As you can see, there is already a minimal definition of (==) and (/=), which allows you to define only one of the two functions when you create an instance. A first remark about type signature ((/=) :: a -> a -> Bool and (==) :: a -> a -> Bool). As often in Haskell, the signature is here for documentation purpose. It can be read as: function (==) (and respectively (/=)) takes an a to produce a function that takes an a to produce a boolean. Its a bit different than a function that takes two a to produce a boolean, but we will focus on it another day. Actually, it can be used as if it was a two a argument function. a is a type variable, which must be replace by the correct type when you declare your instance. In our example, it was replaced by Person in our declaration. Some other little Haskell things. The use of parenthesis around a function with two parameters indicates that you can use the function without the parenthesis in an infix manner. To test equality of two values a and b, you can either write a == b or (==) a b.

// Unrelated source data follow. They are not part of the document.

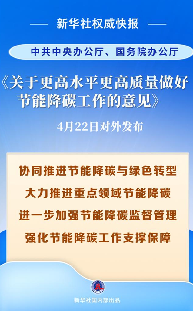 新华社权威快报丨事关节能降碳工作 中办、国办重磅文件对外发布
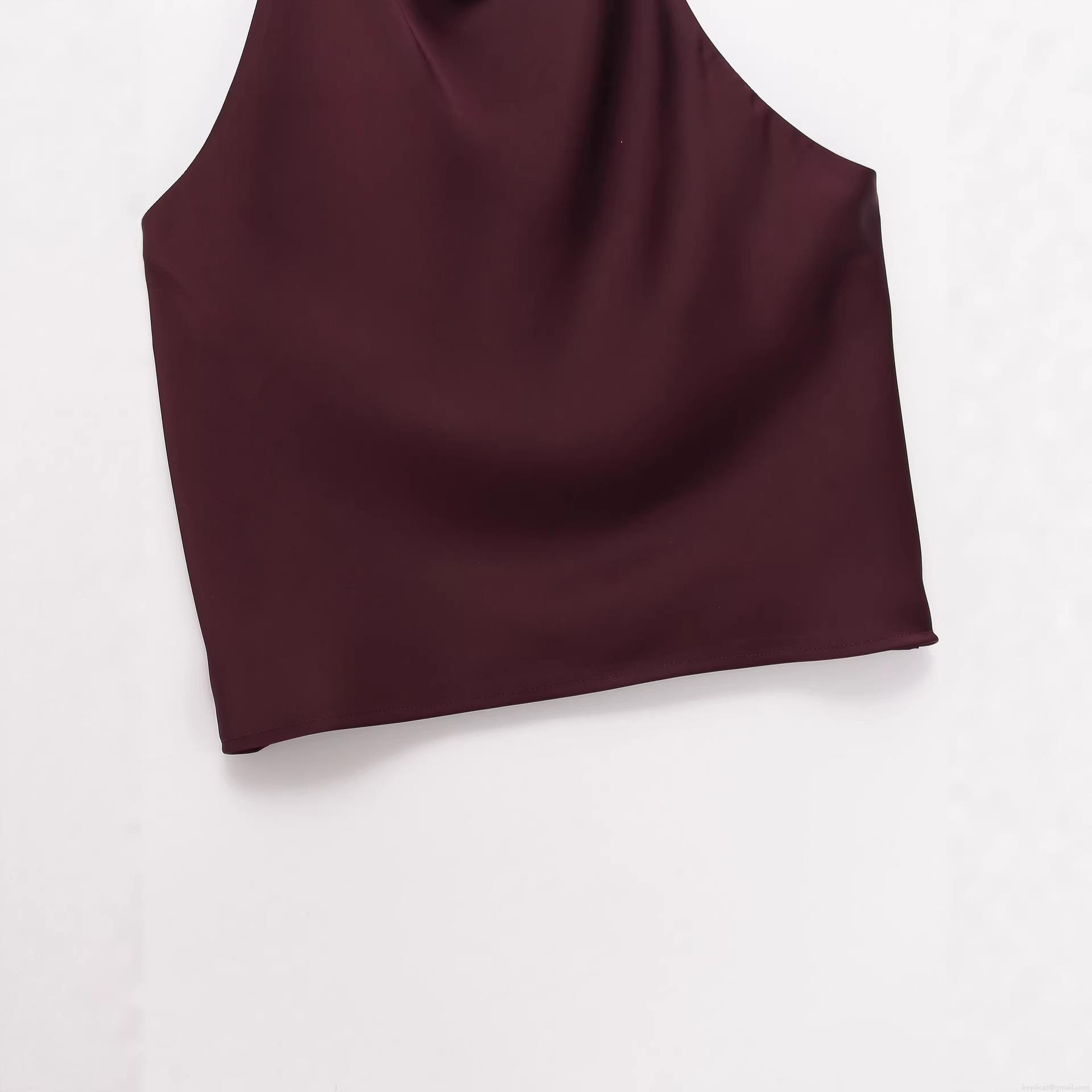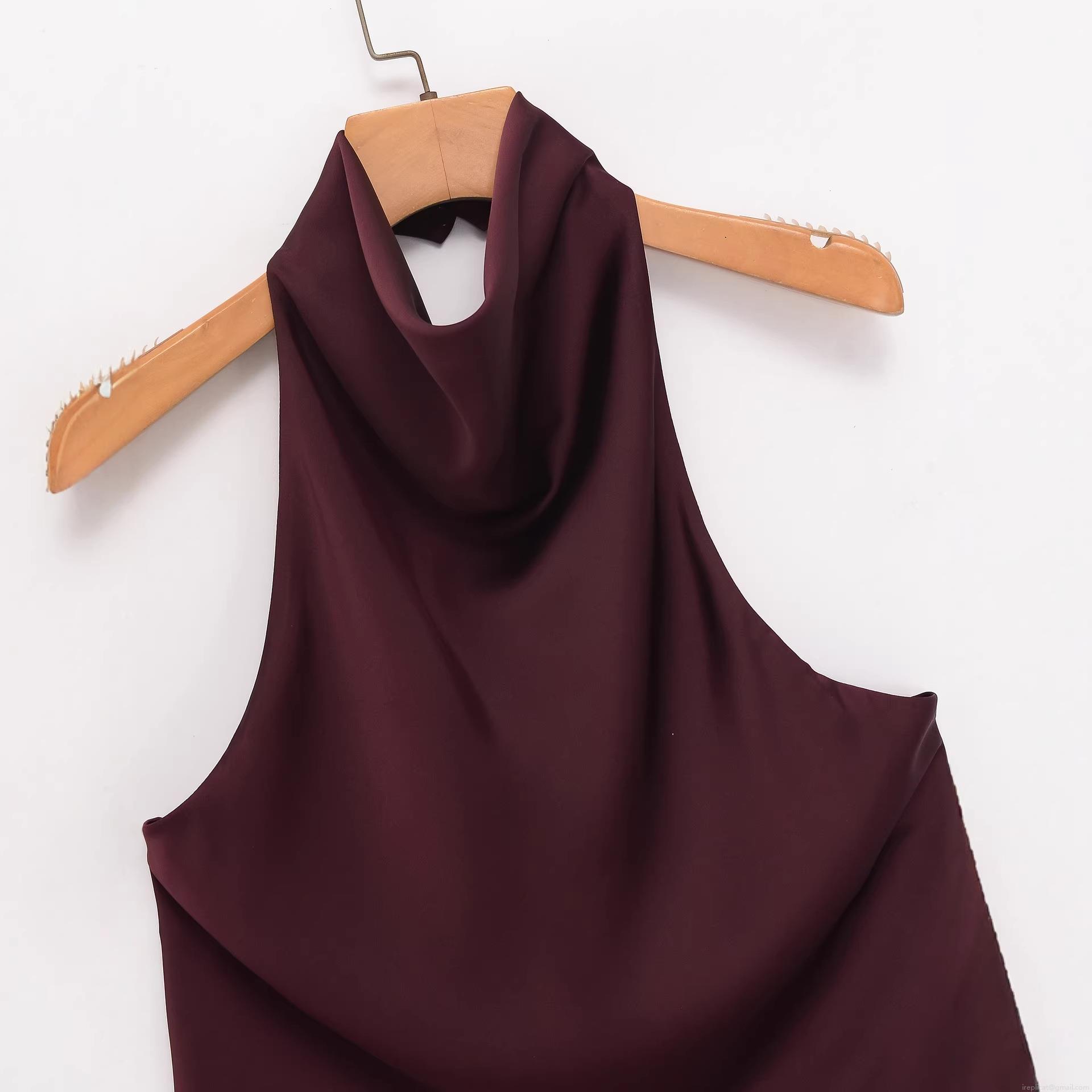 Women's Sexy Halter Neck Satin Top Elegant Wine Red Sleeveless Backless Silk Texture Tank Top For Party Club Summer Solid Color Vest
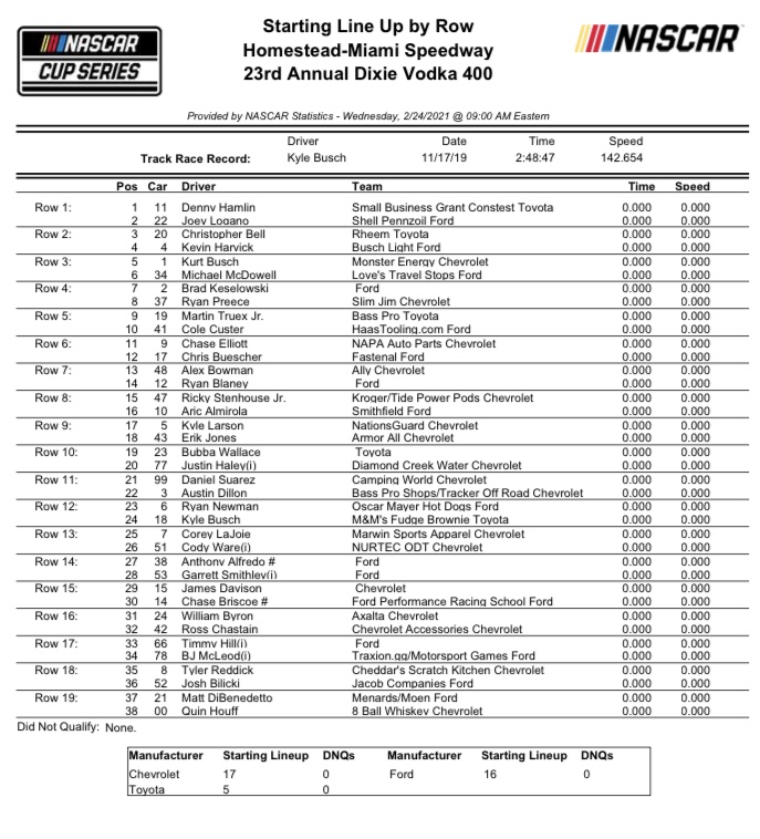 TRACK: Homestead-Miami Speedway (1.5-mile oval) DISTANCE: 267 Laps – STAGE 1: 80 Laps, Stage 2: 80 Laps, FINAL STAGE 107 LAPS, 400.5 Miles)

Typclasses can be seen from a Java developer point of view as interfaces. It’s not totally accurate since you can’t build a one-to-one mapping between the two approach. There are some analogies between the imperative and the functional paradigm, but they fail at some point. I’m giving you two major differences (there are certainly more of them):

You can define a default implementation for some method in a typeclass, not in an interface.
You can add instance to a type whenever you want. Not only when you introduce it in your code. If my type doesn’t have an instance of Eq, I can add it when I need to.